Tom Graham

No. 83, 58, 56, 55
- Position: Linebacker

Personal information
- Born: April 15, 1950 Los Angeles, California, U.S.
- Died: May 30, 2017 (aged 67) Denver, Colorado, U.S.
- Listed height: 6 ft 2 in (1.88 m)
- Listed weight: 235 lb (107 kg)

Career information
- High school: Narbonne (Harbor City, California)
- College: Oregon
- NFL draft: 1972: 4th round, 102nd overall pick

Career history
- Denver Broncos (1972–1974); Kansas City Chiefs (1974); San Diego Chargers (1975–1977); Buffalo Bills (1978);

Awards and highlights
- 2× First-team All-Pac-8 (1969, 1970);

Career NFL statistics
- Games played: 88
- Interceptions: 7
- Fumble recoveries: 4
- Stats at Pro Football Reference

= Tom Graham (linebacker) =

American football player (1950–2017)

Thomas Lawrence Graham (April 15, 1950 – May 30, 2017) was an American professional football linebacker in the National Football League (NFL). From 1972 until 1978, he played for the Denver Broncos, Kansas City Chiefs, San Diego Chargers, and Buffalo Bills. He played college football at the University of Oregon.
From 1969 to 1971, linebacker Tom Graham starred for a University of Oregon defensive unit that was often overshadowed by the team's offensive stars and fellow Hall of Famers Dan Fouts and Bobby Moore (now known as Ahmad Rashad). From 1969 to 1971 he became the all-time leading tackler in Duck football history and was a 2001 inductee into the University of Oregon Hall of Fame. By the end of his Duck career, Graham had amassed a school-record 433 tackles, including an amazing 206 as a sophomore (as season that saw Graham record five 20-plus tackle games). He saved his best game for last, putting together one of the finest performances in Duck history, as he made 41 tackles (24 unassisted), recovered a fumble, and blocked a field goal.

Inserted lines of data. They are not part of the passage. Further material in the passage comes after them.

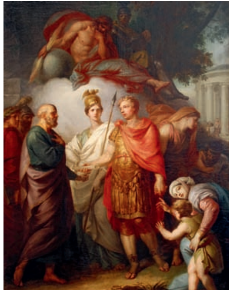
▲ HEINRICH FRIEDRICH FÜGER (1751-1818) Apotheose auf Kaiser Josef II Öl/Leinwand, 98x73 cm
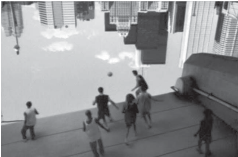
Figura 13: Upside down , Peugeot, 2001

(Kerckhove, 1997: 38). Mexem connosco e, sobretudo, conduzem-nos a experienciar o impossível. Eis a principal razão para o tamanho do quadro ter que ser maior do que o tamanho do mundo. Para pintar, além das paisagens e das histórias previstas por Alberti, o sonho e o impossível.
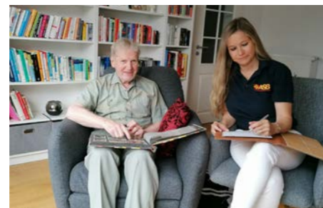
Projekt - Glücksgeschichten
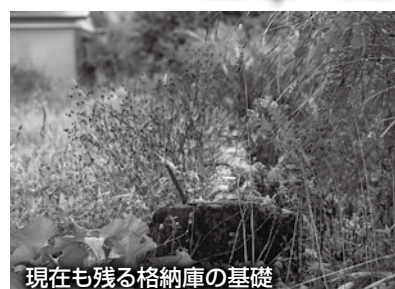
現在も残る格納庫の基礎
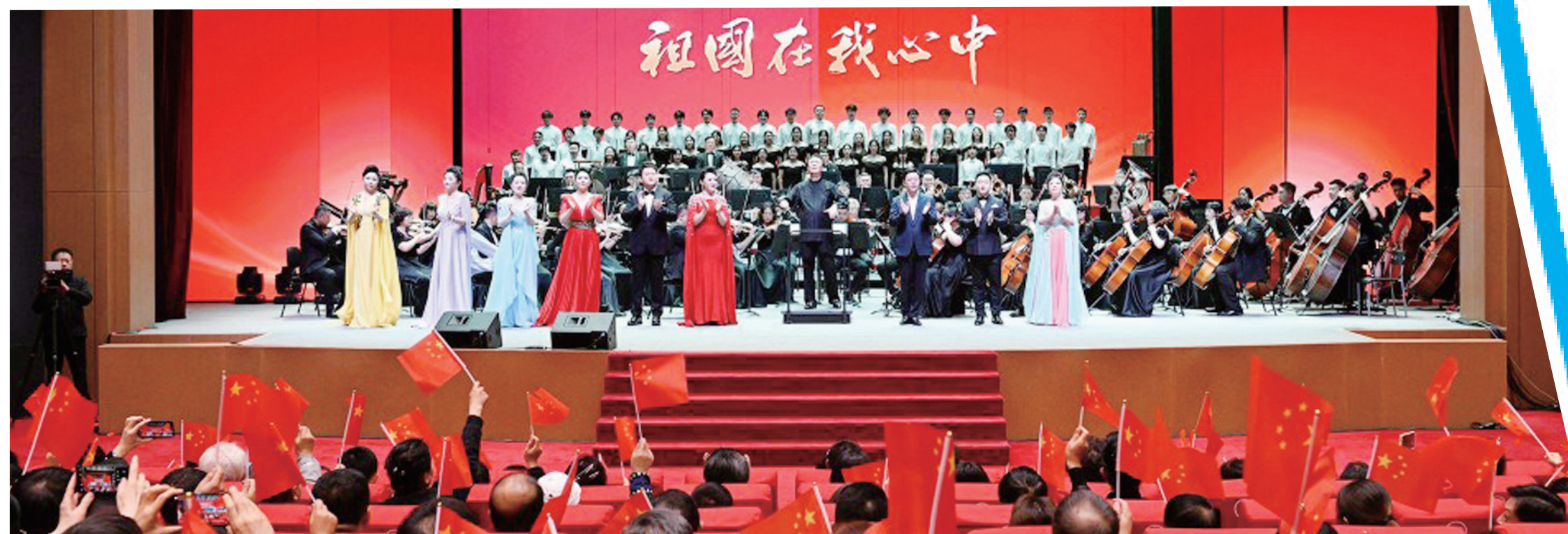
纪念新中国成立75周年“祖国在我心中”交响音乐会现场。
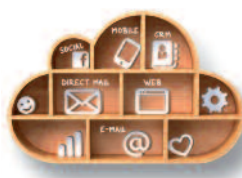
Basis für den Einladungsprozess zum Digitaldruck-Kongress, bei dem Webseiten programmiert, Landingpages bereitgestellt und verschiedene personali-

sierte Drucksachen produziert wurden, ist der Crossmedia Server von EFI DirectSmile. Dieser Server ist die ideale Plattform, um Kommunikationsmaßnahmen automatisch zu steuern und gleichzeitig mit attraktiven und individuellen Komponenten zu bereichern.
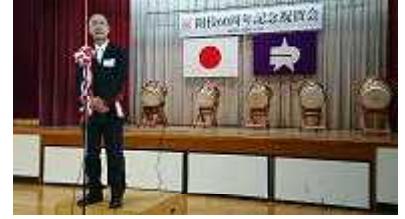
マーチングの記念演奏
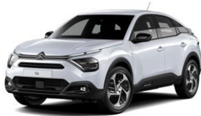
COLOR-PAKET "Glossy Black"

- Airbump® und Stoßfänger vorne mit schwarzer Dekorurandung
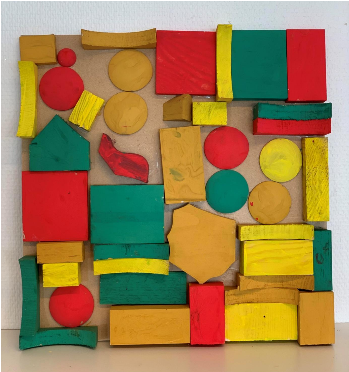
Tavlans namn: Mario-världen.

Det gröna är en skog. I skogen finns en björn. Det finns en polisbana i skogen där poliserna jagar tjuvar. Dom får hoppa över en massa glas.
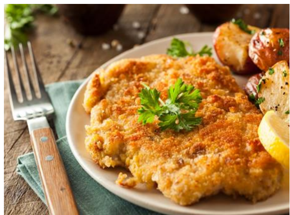
薩克森 Schnitzel 豬排
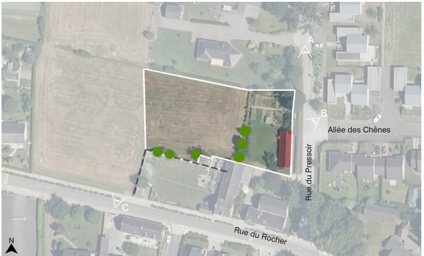
Site OAP - Zone 2
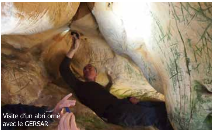
Visite d'un abri orné avec le GERSAR

Ces abris leur offraient des parois de grès propices à la gravure et, étant donnée leur taille, probablement une tranquille solitude. Une immortalité gravée dans la pierre.
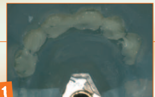
11 Zeppatura smalto e riapertura muffola
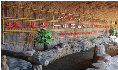
ระบบชลประทานอู๋หลู่ฟาน

ค่ำ รับประทานอาหารค่ำ ณ ภัตตาคาร พักที่ HAMPTON BY HILTON HOTEL โรงแรมระดับ 4 ดาวหรือเทียบเท่าในเมืองอู๋หลู่ฟาน
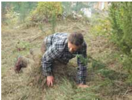
Louvenne – Un mode d'exportation des produits de fauche...

Samedi 10, une action de réouverture d'une pelouse sèche sur Louvenne, en Petite Montagne jurassienne, a été réalisée en partenariat avec l'ADAPEMONT et la commune. Elle a permis d'étendre un espace ouvert, tout en conservant quelques bosquets et haies buissonnantes, faisant déjà l'objet d'une convention de pâturage entre l'ADAPEMONT et un riverain propriétaire de moutons dans le cadre des contrats NATURA 2000.
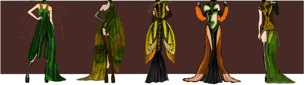
NOCTURN , 2024, tehnică digitală, 50x70 cm
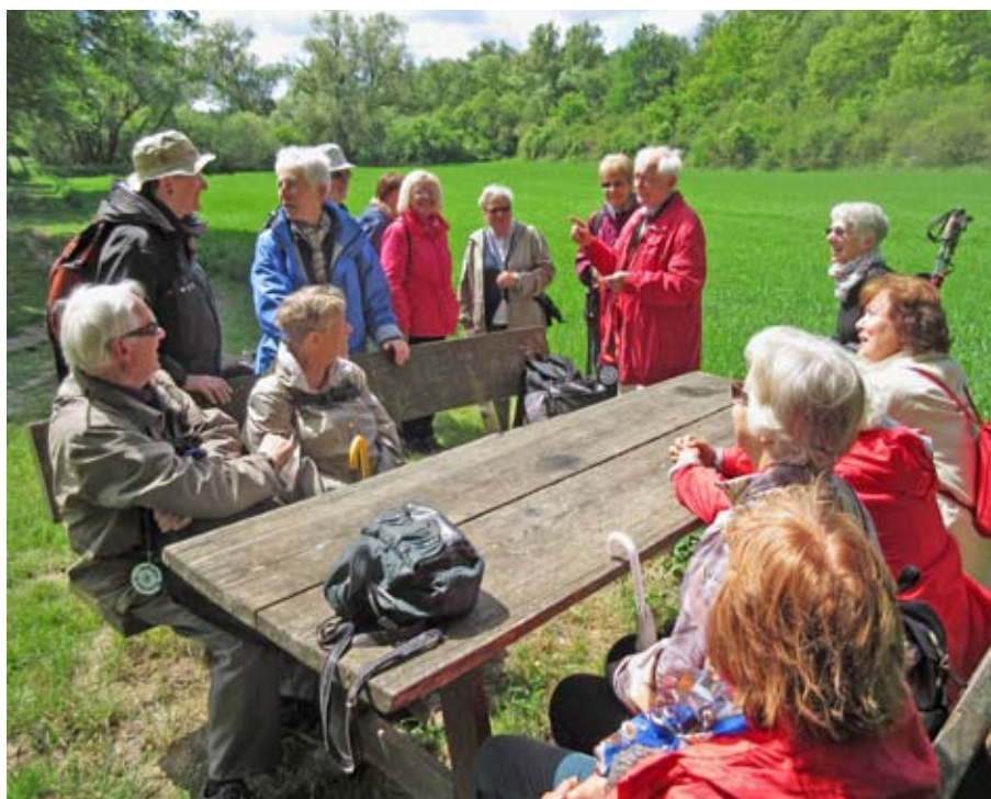
Wanderpause im Naturschutzgebiet Erdekaut
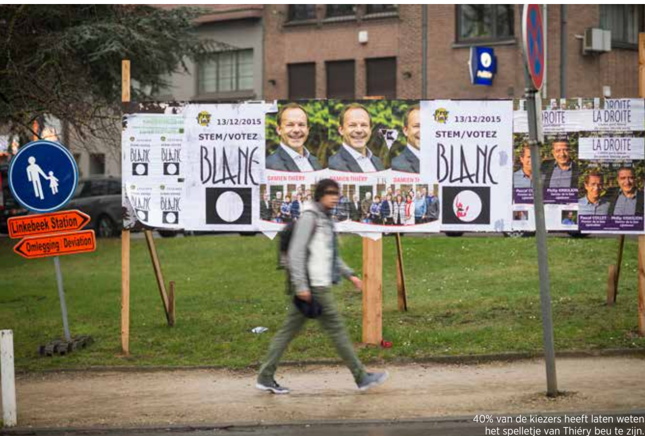
40% van de kiezers heeft laten weten het spelletje van Thiéry beu te zijn.
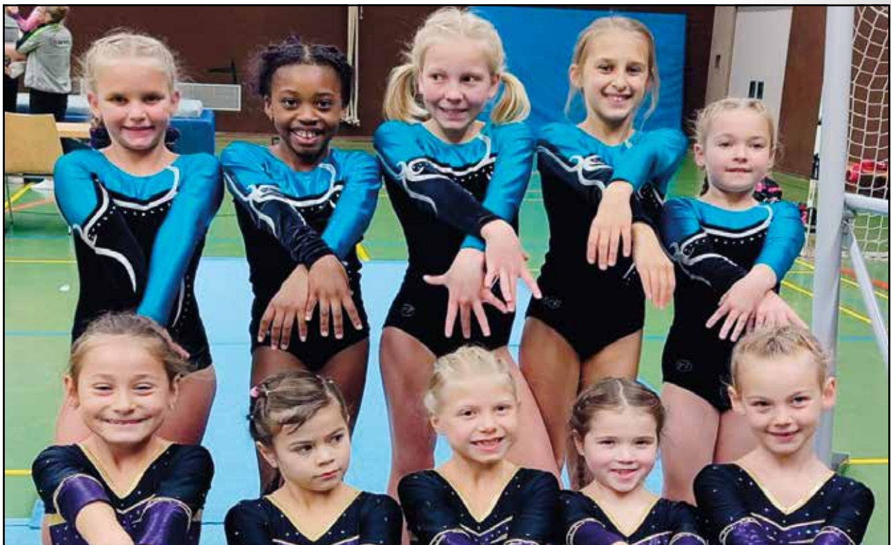
Platz 2 und Platz 3 für unsere Jüngsten! Bravo!
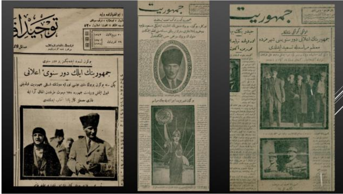
Resim 1, 2, 3. 29 Ekim 1924 Tevhid-i Efkar, 29 ve (sırasıyla) 31 Ekim 1924 Cumhuriyet

29 Ekim 1924 tarihli Cumhuriyet gazetesinin ilk sayfasındaki çizimde arkasından güneş doğan Türk bayrağına sarılı kadın, başında ortasında hilal bulunan bir defne taç takıyordu 1 ve sağ eliyle göğe doğru uzatarak cumhuriyet yazılı bir çelenk tutuyordu. Ülke, başarı-güven, barış, umut-aydınlık gelecek ve cumhuriyetin önceliğini, el üstünde tutulmasını vurgulayan; aslında fazla detay içermeyen bu çizim dışında Tevhid-i Efkar , 29 Ekim’de Mustafa Kemal Paşa ve eşinin; 31 Ekim tarihli Cumhuriyet , İstanbul’daki kutlamalardan çok etkinliklere katılan şehrin ileri gelenlerinin fotoğraflarını yayımlamıştı ( Tevhid-i Efkar , 29 Ekim 1924, s.1; Cumhuriyet , 29 Ekim 1924, s.1; Cumhuriyet , 31 Ekim 1924, s.1; Cumhuriyet , 31 Ekim 1925, s.1; Milliyet , 30 Ekim 1927, s.1).
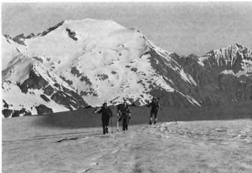
Aufstieg zum Schareck, im Hintergrund Hocharn

Im März standen zwei Unternehmungen auf dem Programm, das Wilde Hinterberg mit 3288 m im Stubai und der Sektionslauf am Osthang der Benediktenwand. Für die Stubaitour war unser Stützpunkt die Franz-Senn-Hütte. Nach dem Hüttenaufstieg gingen wir noch auf die rund 3000 m hohe Kräulscharte, die uns bei starkem
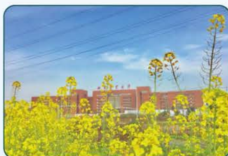
湖南农业大学耘园基地
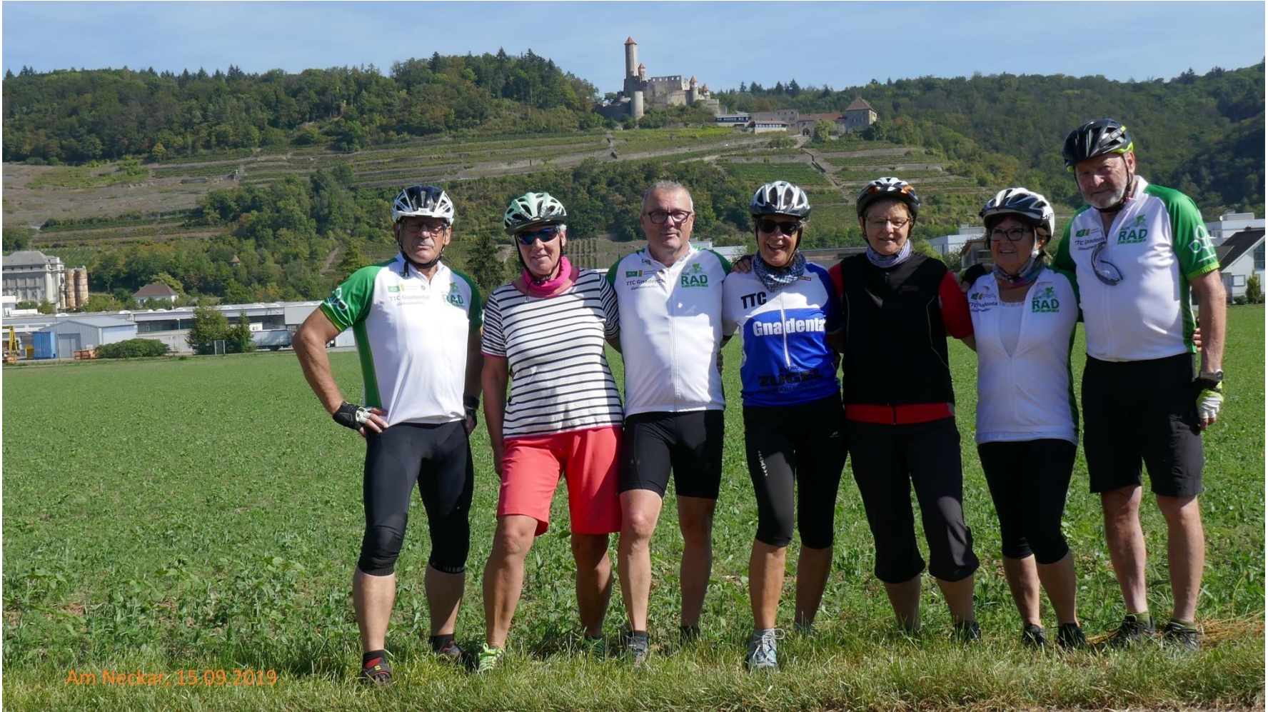
Am Neckar, 15.09.2019
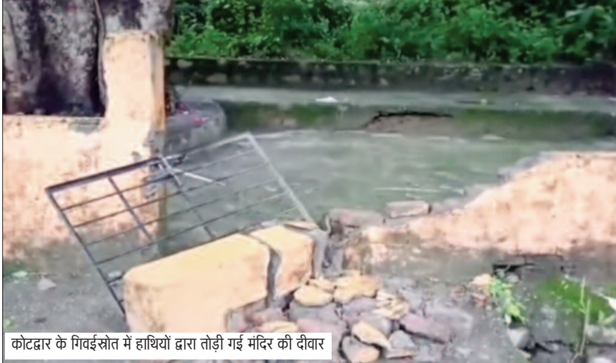
कोटद्वार के गिवाईस्रोत में हाथियों द्वारा तोड़ी गई मंदिर की दीवार

रिसर में रखा अन्य सामान भी हाथियों के उत्पात की चपेट में आ गया। हाथी काफी देर तक मंदिर परिसर में घूमते रहे, जिससे क्षेत्र में दहशत का माहौल बना रहा। इसके बाद हाथियों का झुंड पास स्थित एक बगीचे में पहुंच गया, जहां उन्होंने विभिन्न प्रजातियों के कई पेड़ों को नुकसान पहुंचाया। स्थानीय लोगों ने इसकी सूचना वन विभाग को दी। सूचना मिलते ही वन विभाग की टीम मौके पर पहुंची और काफी प्रयास के बाद हाथियों को वापस जंगल की ओर खदेड़ा।
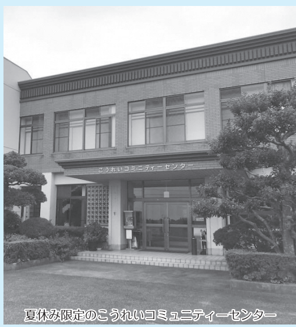
夏休み限定のこうれいコミュニティーセンター

し込みが定員を超える見込みとなったため、大山西小校区で1箇所増設することとなった。
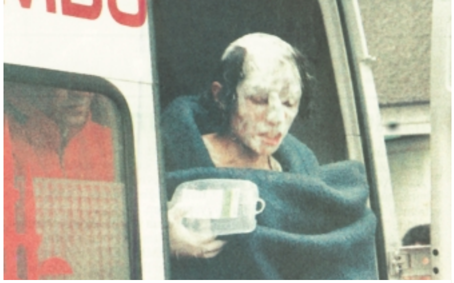
Haykırıyordu bir kadın devrimci tutsak: “Bizi diri diri yaktılar!”

hücre tipi cezaevleriyle çözmeye yöneltiler. Özellikle son on yılda bu yönlü bir dizi proje üretildi. Sonuçta Terörle Mücadele Yasası denilen bir yasa hazırlandı. Devrimci hareketi devlet terörüyle boğmanın, devrimcileri imha etmenin, devrimci halk hareketine kapsamlı saldırılar düzenlemenin vb. vb. yasal altyapısını oluşturan bu yasayla devrimcilerin cezaevlerinde “hücrelere” konmasına da olanak tanınıyordu. Cezaevlerinde yaşamın hücreleştirilmesi saldırısı ile devlet devrimci tutuklu ve hükümlülere yalnızlaştırmayı, devrimci tutuklu ve hükümlülerin devletin saldırılarına karşı birlikte hareket etmelerini engellemeyi, onları hücrelerde psikolojik yıldıрма hareketiyle tam teslim almayı planlıyordu.
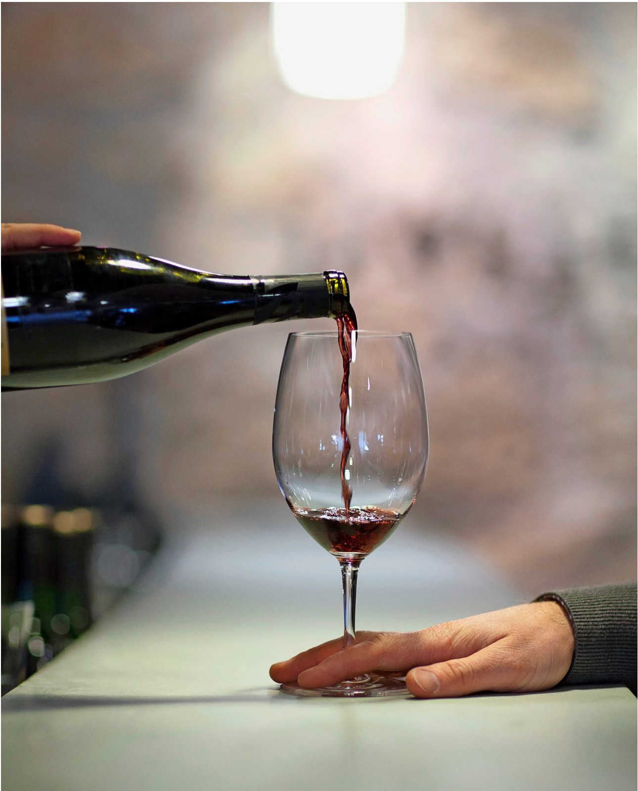
Wasser ist gut, Wein ist besser: Das wunderbare Naturprodukt kann man durchaus zivilisiert geniessen.
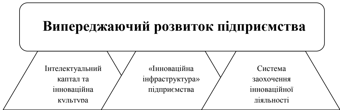
Рисунок 2 – «Три кити» випереджаючого розвитку підприємства

- формування такої організаційної структури, яка б дозволила швидко, реагувати на зміни в зовнішньому середовищі та розвивати інноваційну діяльність на підприємстві. Якщо проводити аналогію з рівнем держави, то таку функцію виконує інноваційна інфраструктура. Тобто керівництво підприємства повинно всіляко сприяти утворенню відділів, які б виконували наступні функції: інформаційне забезпечення інноваційної діяльності та підвищення інформаційного обміну між підрозділами; виробництво інноваційних товарів; сприяння патентуванню, сертифікації, ліцензуванню; активна взаємодія з науковими інститутами та установами, реалізація спільних проектів; фінансове забезпечення інноваційної діяльності.
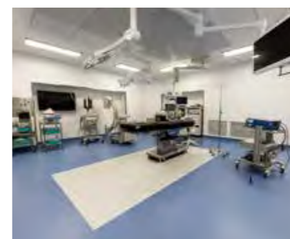
5 特殊機能床 FUNCTION FLOORING

病院や研究室、工場などの施設では、薬品や静電気への対策、滑りにくさや耐久性など様々な機能が求められます。機能床シリーズは各施設で床材に求められる特殊機能に特化した製品を各種取り揃えています。
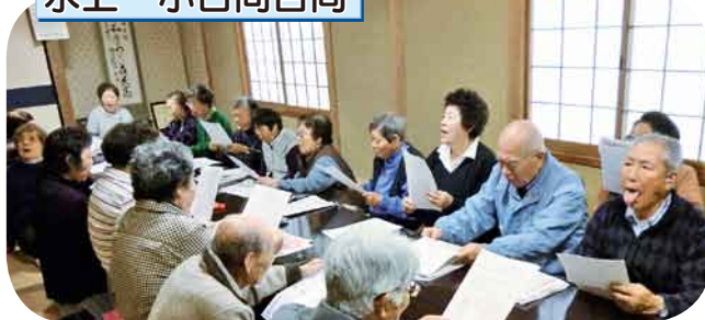
体組成・足指力チェック/あいうべ体操 病気予防に、お口の体操で免疫力を高めました。

A Harbor City, Calif. native, where he attended Narbonne High School, Graham was named All-Pac-8, UPI All-Coast, and All-American three times, and AP All-coast and All-American twice. After being drafted in the fourth round by the Denver Broncos, he played 7 seasons in the NFL for the Broncos, Kansas City Chiefs, San Diego Chargers, and Buffalo Bills.

Tom is the father of former professional football player Daniel Graham. He died on May 30, 2017, in Denver from brain cancer at the age of 67.